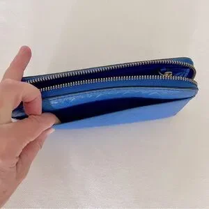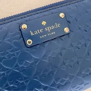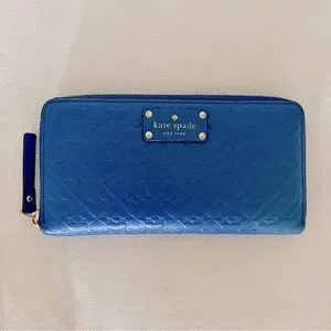Kate Spade Penn Place Embossed Zip-around wallet in very good used condition. Like-new on the inside with zip coin pocket, 12 card slots, and divider pockets. Outside slide pocket on back. Gold hardware.
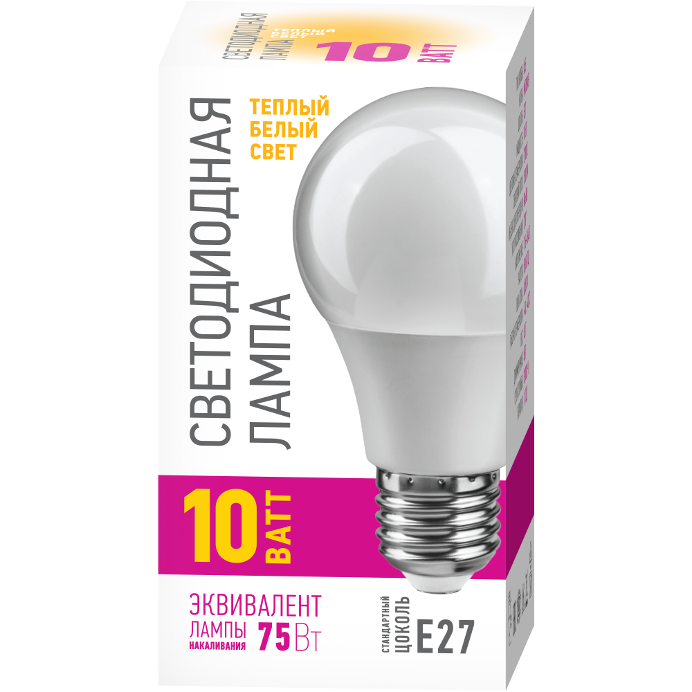 (10 шт.) Светодиодная лампочка онлайт промо ЛОН А55 E27 10W (750lm) 2700K 2K 98x55 OLL-A55-10-230-2.7K-E27-PROMO, 82910 Теплый белый. Цоколь E27 1 134 ₽
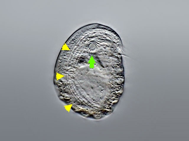 In einem weiteren Bild sieht man das rechte Wimpernfeld  (gelbe Dreiecke), sowie die Reuse (grüner Pfeil) :

________

What the task asks> Only the pictures are to be left out; restate everything else in the listing word for word.

Answer for the task>
Kate Spade Penn Place Embossed Zip-around wallet in very good used condition. Like-new on the inside with zip coin pocket, 12 card slots, and divider pockets. Outside slide pocket on back. Gold hardware.
 (10 шт.) Светодиодная лампочка онлайт промо ЛОН А55 E27 10W (750lm) 2700K 2K 98x55 OLL-A55-10-230-2.7K-E27-PROMO, 82910 Теплый белый. Цоколь E27 1 134 ₽
 In einem weiteren Bild sieht man das rechte Wimpernfeld  (gelbe Dreiecke), sowie die Reuse (grüner Pfeil) :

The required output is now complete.